İlginç olan Cerkesyayurtseverleri.com “AvrupaParlementosunda Çerkes Günü” ile ilgili henüz bir açıklama yapmamış, kendi düşüncelerini anlatmamış! Sitemizde yayınlanan bütün yazıların adresleri, yazıları yazanlar belli, biz sadece çevirip kamuoyuna aktarmışız; ama buna rağmen bu site hedef gösterilmeye çalışılıyor. Bu mantığı anlamak mümkün mü? Sayın Asker’in bizzat Federasyon Başkanı ile telefonla görüştüğünü ve bu etkinlikle yakından ilgilendiklerini bildikleri halde bizim bu haberleri onlara ilettiğimiz yalanını yaymaları da cabası...
Yani “Kuzeyli Arkadaş”, elbetteki siyasi olarak birbirlerine yakın düşünenler birbirlerini kollarlar, dirsek temasında olurlar; ama bunun da bir sınırı var. Eğer ahlaki sınırlar aşılıyorsa, burada tavır almak gerekir. Ve inan bu bizden çok sizin için önemli. Çünkü biz değil, siz kirleniyorsunuz!

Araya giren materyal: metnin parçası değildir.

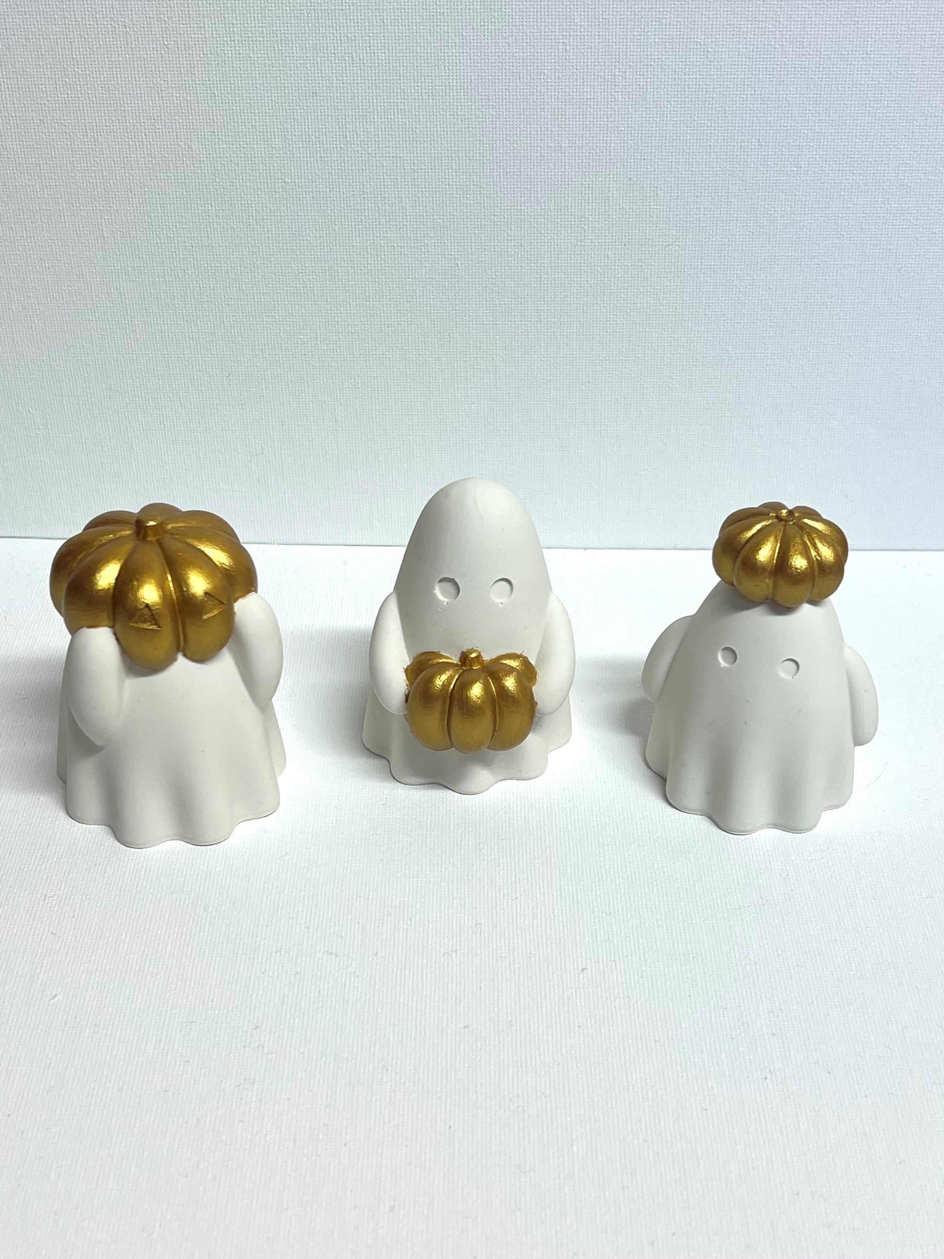 Dette sjarmerende settet med 3 små spøkelsene er laget for å bringe et hint av magi og høststemning inni hjemmet ditt. Med et elegant matt uttrykk og detaljer i gull er det den perfekte kombinasjonen av søtt og stilrent.

Benim “Kutsal İttifak” dediğim de işte böyle geniş bir yelpaze... Ve sanırım bizim “ortak akıl”dan önce bir “ortak ahlak”a ihtiyacımız var. Bunu başarabilirsek gerisi gelir!
Nasıl ki 21 Mayıs 2010’da bize ne kadar baskı yapılmaya çalışılmışsa da, biz sizleri “düşman”, “uşak”, “bilmem kimin şeyi” vs gibi değil; “Çerkes Siyasetleri” olarak görmüş, birlikte olmaktan rahatsızlık duymamışsak; gelecekte de gerekli olan her yerde ve her platformda yine birlikte olmak ve omuz omuza mücadele etmek isteyeceğimizden kuşkunuz olmasın... Hatta son süreçteki olumsuzluklarınızı unutmaya hazır olduğumuzdan da!
Çünkü halkımızın çıkarınaysa eğer, bizim ezemeyeceğimiz hiçbir gururumuz; unutamayacağımız hiçbir yanlış ve vazgeçemeyeceğimiz hiçbir alışkanlığımız veya arkadaşlığımız... yoktur, olmayacaktır!
Daha ahlaklı ilişkilerle önümüze bakabilme dileğiyle...
(*) Nihal Atsız oğluna yazdığı ve “Türk’ün Türk’ten başka dostu yoktur” diye bitirdiği vasiyeti ile ünlüdür. Bizim bu yönde tek bir satırımızı dahi gösteremezse, bu yazının yazarının ahlakından... şüphe etmek hakkımdır. Darısı da dostlarının başına?